You don't "believe" it intellectually in a crisis; you remember it experientially. This is why the practices mentioned earlier are vital. Your "evidence library" of past "forevers" that passed becomes your anchor. In the moment, focus on the physiology of emotion. Anxiety is a cluster of sensations—tight chest, racing heart. It changes moment to moment. By focusing on the changing physical sensations, you directly experience impermanence. You are not trying to think your way out; you are feeling your way through, noticing that even the feeling of pain has a beginning, middle, and end. It is a process of direct observation, not blind faith.

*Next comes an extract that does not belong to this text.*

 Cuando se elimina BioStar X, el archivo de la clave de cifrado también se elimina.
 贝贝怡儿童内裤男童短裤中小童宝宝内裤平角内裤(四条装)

Cultivating a "Passing" Mindset for a Better Life
The Connection to Mindfulness and Flow States
The state of "flow"—that sublime zone of complete absorption in an activity—is only possible when you are not clinging to the past or anxious about the future. You are fully in the present, which is, by definition, impermanent. Cultivating an awareness of "this too shall pass" is essentially training for flow. It quiets the mental chatter about permanence ("I must keep this!," "This will ruin me!") and allows you to engage completely with what is. Similarly, mindfulness meditation is the formal practice of observing the arising and passing of thoughts, sensations, and emotions without interference. Each meditation session is a micro-lesson in impermanence.
Finding Freedom in Letting Go: A Practical Exercise
Try this exercise right now:
- Clench your fist tightly for 10 seconds. Feel the tension, the strain.

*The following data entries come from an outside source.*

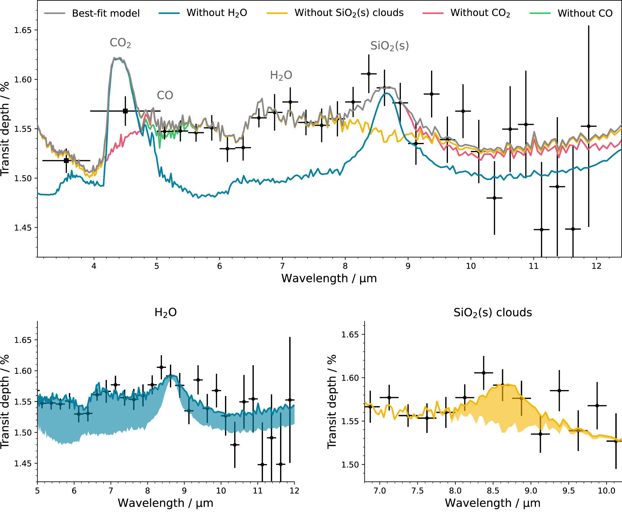 Figure 4. Opacity contributions in our PICASO+Virga atmospheric model. Top panel: the best-fit model (gray) is shown against our JWST MIRI LRS data (0.25 μm ExoTiC-MIRI reduction, black circles) and the Alderson et al. (2022) Spitzer data (black squares). We also show four additional versions of the same best-fit model, each having a different source of opacity removed, to reveal which features can be attributed to which atmospheric species. Bottom panels: zoom in of the opacity contributions (shaded regions) from the two primary atmospheric species, H2O and SiO2(s) clouds, detected at mid-infrared wavelengths. A summary of these modeling results can be found in Table 2.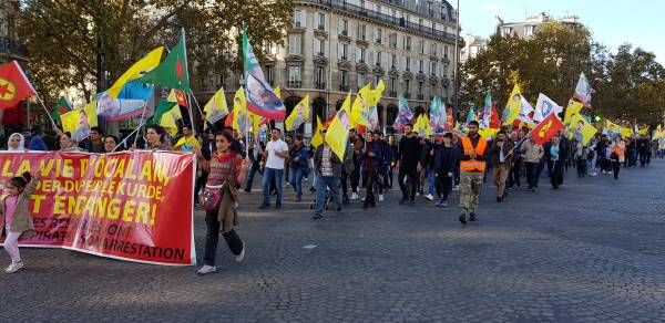 Li ser banga Tevgera Jinên Kurd a Fransa (TJK-F) û Koneya Kurd a Demokratîk a Fransa (CDK-F) li Qada Repûbîqûe saet 17:00’an meşek hate kirin.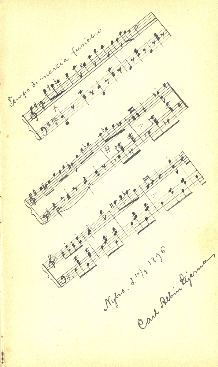 Notblad av Carl Albin Stjerna, Nybro den 10/8 1896, i Lilly Sahlbergs minnesalbum.

- Release it suddenly. Notice the sensation of openness, relief, the blood flowing back.
- Reflect. The clenched state felt permanent while you were in it. The release felt inevitable once you chose it. Your clenched emotional fist—grip on a grudge, a fear, a fixed identity—works the same way. The release is always possible, and the state of holding on is itself temporary, even if you're the one prolonging it. The phrase is the instruction: release.

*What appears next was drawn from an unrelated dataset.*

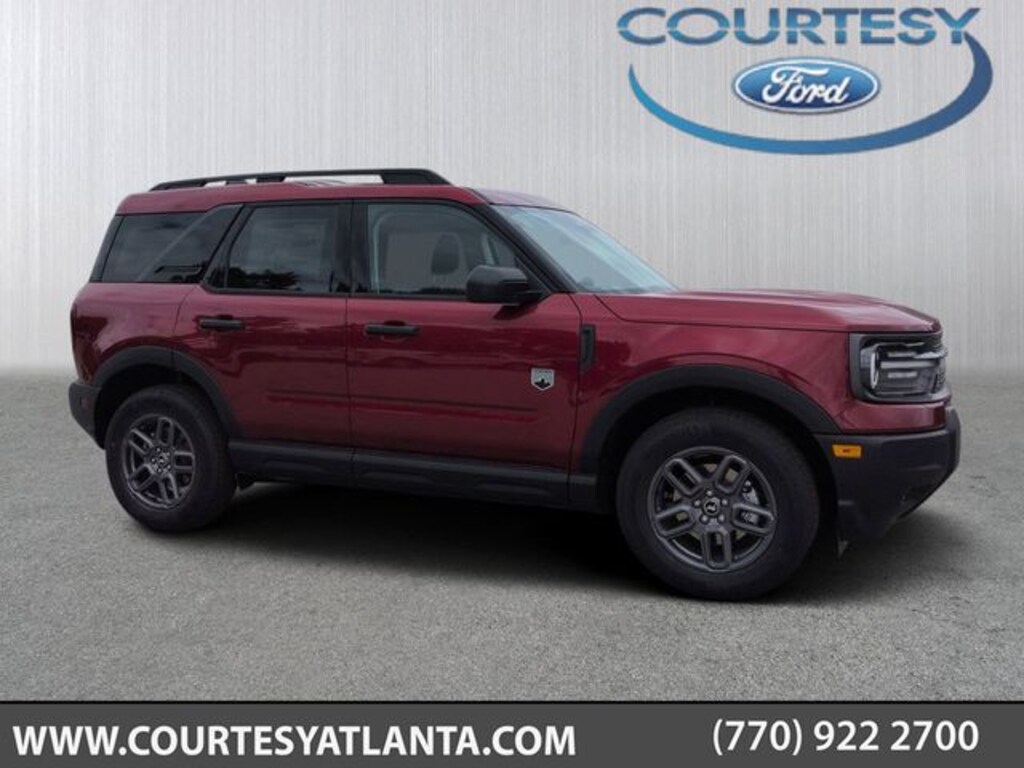 2025 Ruby Red Metallic Tinted Clearcoat 2025 Ford Bronco Sport Big Bend Big Bend 4D Sport Utility 4WD 1.5L EcoBoost 4D Sport Utility, 1.5L EcoBoost, 8-Speed Automatic, 4WD, 13.2" LCD Centerstack Touchscreen, Auto LED Headlights, Backup Camera, Convenience Package, Equipment Group 200A, Front Driver/Passenger Seat Back Map Pockets, Heated 8-Way Power Driver's Seat, LED Fog Lamps, Off Road Package, Premium Wrapped Steering Wheel, Universal Garage Door Opener (UGDO). Convenience Package (Front Driver/Passenger Seat Back Map Pockets, Heated 8-Way Power Driver's Seat, LED Fog Lamps, Premium Wrapped Steering Wheel, and Universal Garage Door Opener (UGDO)), Equipment Group 200A, 4D Sport Utility, 1.5L EcoBoost, 8-Speed Automatic, 4WD, 13.2" LCD Centerstack Touchscreen, Auto LED Headlights, Backup Camera, Off Road Package, 4-Wheel Disc Brakes, 6 Speakers, ABS brakes, Air Conditioning, Alloy wheels, AM/FM radio: SiriusXM, AM/FM Stereo, Auto High-beam Headlights, Automatic temperature control, Brake assist, Cloth w/Easy-to-Clean Front Bucket Seats, Compass, Delay-off headlights, Driver door bin, Driver vanity mirror, Dual front impact airbags, Dual front side impact airbags, Electronic Stability Control, Emergency communication system: SYNC 4 911 Assist, Four wheel independent suspension, Front anti-roll bar, Front Bucket Seats, Front Center Armrest, Front reading lights, Fully automatic headlights, Heated door mirrors, Illuminated entry, Knee airbag, Low tire pressure warning, Occupant sensing airbag, Outside temperature display, Overhead airbag, Overhead console, Panic alarm, Passenger door bin, Passenger vanity mirror, Power door mirrors, Power steering, Power windows, Radio data system, Rear anti-roll bar, Rear Parking Sensors, Rear reading lights, Rear seat center armrest, Rear window defroster, Rear window wiper, Remote keyless entry, Security system, SiriusXM, Speed control, Speed-sensing steering, Speed-Sensitive Wipers, Split folding rear seat, Steering wheel mounted audio controls, SYNC 4 w/Enhanced Voice Recognition, Tachometer, Telescoping steering wheel, Tilt steering wheel, Traction control, Trip computer, Variably intermittent wipers, and Wheels: 17" Carbonized Gray-Painted Aluminum.

Conclusion: The Eternal Echo of a Temporary World
"And this too shall pass" is not a dismissal of your pain or a devaluation of your joy. It is the ultimate equalizer, a reminder that you are a conscious being riding the waves of a temporary existence. It is the thread that connects your worst day to your best day, showing that both are part of the same fluid, ever-changing tapestry of a life. By internalizing this truth, you do not become indifferent. You become resilient. You stop building your house on the sand of fleeting emotions and start building it on the rock of observing awareness. You learn to dance with change rather than resist it, to grieve fully without being destroyed, to celebrate wildly without fearing the end.
The next time you are in the pit of despair, or on the peak of ecstasy, pause. Take a breath. Whisper to your soul: This too shall pass. And in that moment of recognition, you will find a strange and profound peace—the peace of knowing that whatever this is, it is not all you are. It is simply what is, for now. And that, in itself, is a freedom more lasting than any permanent state could ever be. For in accepting the passing of all things, you touch the part of yourself that does not pass—the aware, spacious, compassionate presence that has been here all along, witnessing the show. That is the ultimate gift of this ancient, timeless wisdom.